_Goal of the exercise_
Could you repeat the listing exactly, leaving out the pictures?

_Dataset content_
┏━━

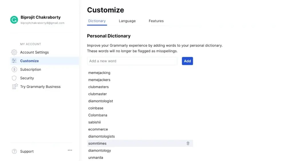 After adding such words to the dictionary, Grammarly will automatically accept them as correct words. From next time, they won’t be flagged within the doc.
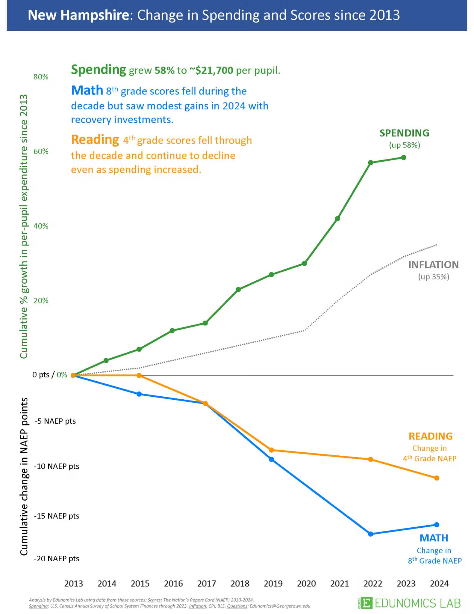 - More than half of New Hampshire’s students are falling below grade-level standards in reading, writing, and math.
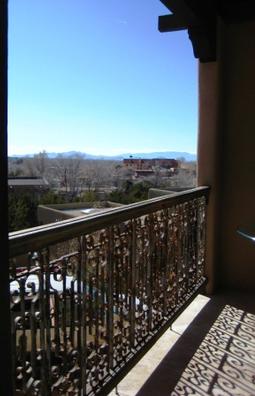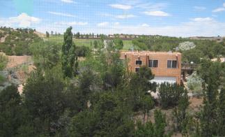Perched on a secluded hilltop between Old Taos Highway and De Vargas Mall, with the Plaza and downtown Santa Fe a stroll away, this sophisticated and very private c.1700 sq ft guest house offers two bedrooms+third bed or office, three ensuite ¾ baths, two living areas, portal, eat-in kitchen (granite/stainless), one car garage, refrigerated ac, plus use of a large dining/entertaining patio w/gazebo and fountain.

┗━━

_Response below_
 After adding such words to the dictionary, Grammarly will automatically accept them as correct words. From next time, they won’t be flagged within the doc.
 - More than half of New Hampshire’s students are falling below grade-level standards in reading, writing, and math.
Perched on a secluded hilltop between Old Taos Highway and De Vargas Mall, with the Plaza and downtown Santa Fe a stroll away, this sophisticated and very private c.1700 sq ft guest house offers two bedrooms+third bed or office, three ensuite ¾ baths, two living areas, portal, eat-in kitchen (granite/stainless), one car garage, refrigerated ac, plus use of a large dining/entertaining patio w/gazebo and fountain.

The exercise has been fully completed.